---- SOURCE DATA

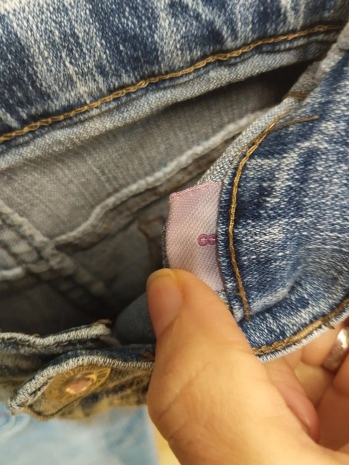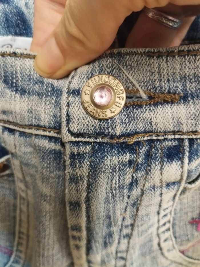 Jeans pantacourt avec le bas évasé et des fleurs sur les poches. réglable à la taille. En 8 ans, de marque Yundongfu. #rosered16fille #8arosered16
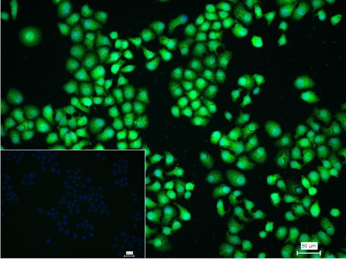 4% Paraformaldehyde-fixed HepG2 (H) cell; Triton X-100 at r.t. for 20 min; Antibody incubation with (RhoA/B/C) monoclonal Antibody, unconjugated (bsm-61200R) 1:100, 90 min at 37°C; followed by conjugated Goat Anti-Rabbit IgG antibody (green, bs-60295G-FITC) at 37°C for 90 min, DAPI (blue, C02-04002) was used to stain the cell nuclei. PBS instead of the primary antibody was used as the blank control.
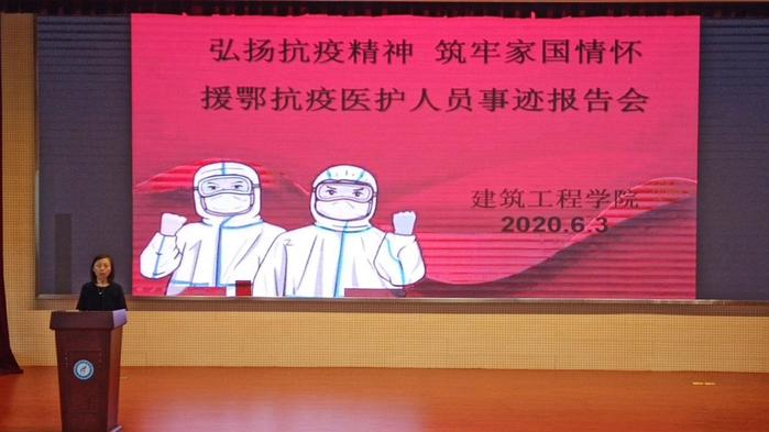 2020/06/04弘扬抗疫精神 筑牢家国情怀——建筑工程学院组织援鄂医护人员事迹报告会6月3日下午2:30,建筑工程学院在应天校区体艺馆406举办了援鄂医护人员事迹报告会,校学工处副处长 -

--------

"4% Paraformaldehyde-fixed HepG2" marks the first line to copy; copy that line and every line after it through the last line of the listing, exactly and without pictures.

● RESULT FOR THIS EXERCISE:
 4% Paraformaldehyde-fixed HepG2 (H) cell; Triton X-100 at r.t. for 20 min; Antibody incubation with (RhoA/B/C) monoclonal Antibody, unconjugated (bsm-61200R) 1:100, 90 min at 37°C; followed by conjugated Goat Anti-Rabbit IgG antibody (green, bs-60295G-FITC) at 37°C for 90 min, DAPI (blue, C02-04002) was used to stain the cell nuclei. PBS instead of the primary antibody was used as the blank control.
 2020/06/04弘扬抗疫精神 筑牢家国情怀——建筑工程学院组织援鄂医护人员事迹报告会6月3日下午2:30,建筑工程学院在应天校区体艺馆406举办了援鄂医护人员事迹报告会,校学工处副处长 -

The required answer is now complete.